Tough bite today. Fished from 8:30 to 1:30. Watched them on the vexilar and you had to coax them. Caught this channel cat on a lived minnow under a slip bobber. First bait down the hole with my smallest minnow. Had set 2 ft off the bottom and saw a mark 2 ft higher. Moved the knot down and right there bobber was under. Took almost 10 min to bring it in and the head barely fit thru the 6 in hole. Made my day. Measured 26 inches. You got to have electronics!!!


----------



## kayakcrazy (Jul 22, 2013)

MOBIL4 said:


> Tough bite today. Fished from 8:30 to 1:30. Watched them on the vexilar and you had to coax them. Caught this channel cat on a lived minnow under a slip bobber. First bait down the hole with my smallest minnow. Had set 2 ft off the bottom and saw a mark 2 ft higher. Moved the knot down and right there bobber was under. Took almost 10 min to bring it in and the head barely fit thru the 6 in hole. Made my day. Measured 26 inches. You got to have electronics!!!
> View attachment 254179
> View attachment 254180


Congratulations on your catch. I've been trying to catch one of those this winter at Mogadore and have been unsuccessful so far.


----------



## fishingful (Apr 5, 2004)

vietcu said:


> What am I doing wrong? Been to Mogadore 3 times this year and managed to get one perch. Using minnows. Fishing off Lasinger, starting to not like this lake. Others are doing so well, and I'm getting skunked.
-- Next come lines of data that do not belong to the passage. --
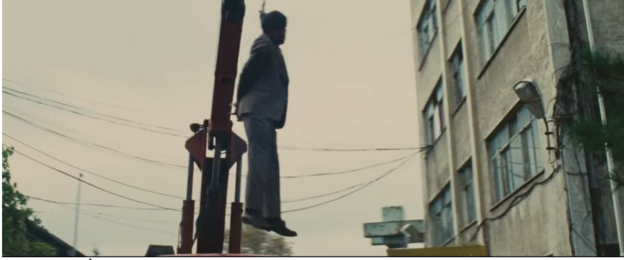
Görsel 6. İran’da insanlar sokak ortasında vinçle asılıdır, diğer insanlar buna aldırmadan günlük rutinlerine devam ederler.

Burada İran’ın karakterlerin söylemleri ve görüntüler üzerinden tanımlanmasını görüyoruz. Van Dijk (2003, s.59) tanım düzeyinin ideolojik bir söylem yapısı olduğunu belirtir. Konu seçiminden sonra, zihinsel modelin gerçekleştirilmesi için bir olay hakkında az ya da çok bilgi vererek, detaya inerek ya da inmeyerek tanımlama yapılır. Sürekli olarak, adaletin olmadığı, mahkemelerin sahte olduğu, işkencenin olduğu, önyargının olduğu, insan haklarına saygı duyulmadığı vurgusu yapılarak İran tanımlanmaktadır.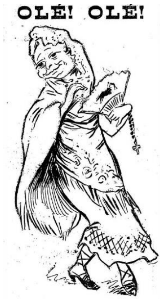
Imagem n.º 5: Caricatura: “Olé! Olé!”. 58

Logo a seguir à proclamação da República, o bispo refugia-se em Sevilha, a 5 de outubro de 1910, dando azo à imaginação anticlerical e homofóbica dos caricaturistas e jornalistas da imprensa humorística (cf. imagem n.º 5).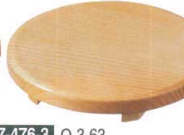
7-476-3 O-3-63 栴 木製丸盛台 ¥2,400 (13.2φ×2) 楕40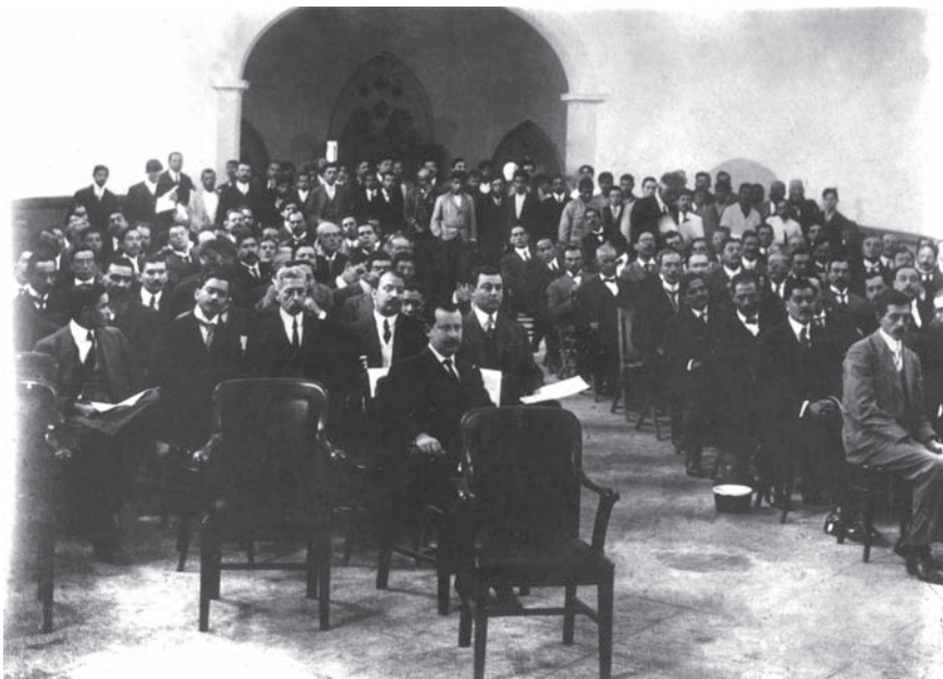
Aspecto del salón durante la primera sesión.

Con la llegada de 1916, los principales grupos opositores del constitucionalismo —villistas y zapatistas— estaban deshechos, no obstante, seguía habiendo levantamientos a lo largo y ancho del país. Obregón y González fueron los encargados de apagar esos levantamientos.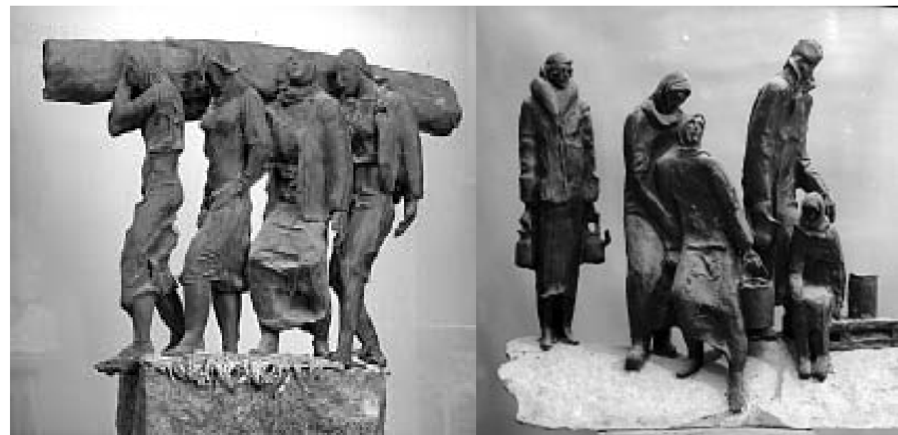
На оборонных работах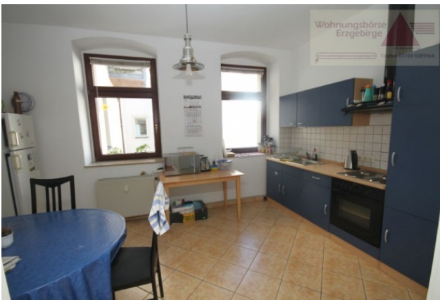
Miet-Objekt 983 Bild017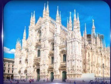
เข็ควินวิหารดูโอโม มิลาโน

Forget the minnows. Use a glow pinman and waxworms. I will usually catch 1 fish on a minnow and all the rest on waxworms


----------



## 4dabucks (Jun 22, 2008)

MOBIL4 said:


> Tough bite today. Fished from 8:30 to 1:30. Watched them on the vexilar and you had to coax them. Caught this channel cat on a lived minnow under a slip bobber. First bait down the hole with my smallest minnow. Had set 2 ft off the bottom and saw a mark 2 ft higher. Moved the knot down and right there bobber was under. Took almost 10 min to bring it in and the head barely fit thru the 6 in hole. Made my day. Measured 26 inches. You got to have electronics!!!
> View attachment 254179
> View attachment 254180


That had to be fun to fight in. Great job and congratulations


----------



## Eyegagger (Jan 13, 2018)

fishingful said:


> Forget the minnows. Use a glow pinman and waxworms. I will usually catch 1 fish on a minnow and all the rest on waxworms


 have fished Mogadore the past three evenings. 15 fow is the depth that has been working for myself and a few Buddies. Have been catching perch on small live minnows and pieces of minnow cut up and put on tungsten pinmins. A few have come off of wax worm and red maggot combinations. My friend walked all around the channel today towards 43 Bridge and all the way back to the Big Island. He managed to catch perch at just about every location, and actually iced a few of them on a very small 1/32 Oz cicada blade bait, imagine that. No Bobber either spring bobber or noodle rods preferably. Fish are biting very light most of the time if you're not paying attention you will not see the bite. Pull them off the bottom if they follow more than likely they will bite. Been getting a mixed bag of nice crappies as well as some smaller Gilbert's mixed in! Good luck, going to try to get on Berlin tomorrow if not going to hit MOG.


----------



## sonar (Mar 20, 2005)

floater99 said:


> Yu need a little horseradish with that sausage John getting hard to find good hunky sausage by me


try Presslers Meats..Just south of Killian Rd. on Pressler Rd.,, Springfield twp. My Favorite Hunky saus...!!


----------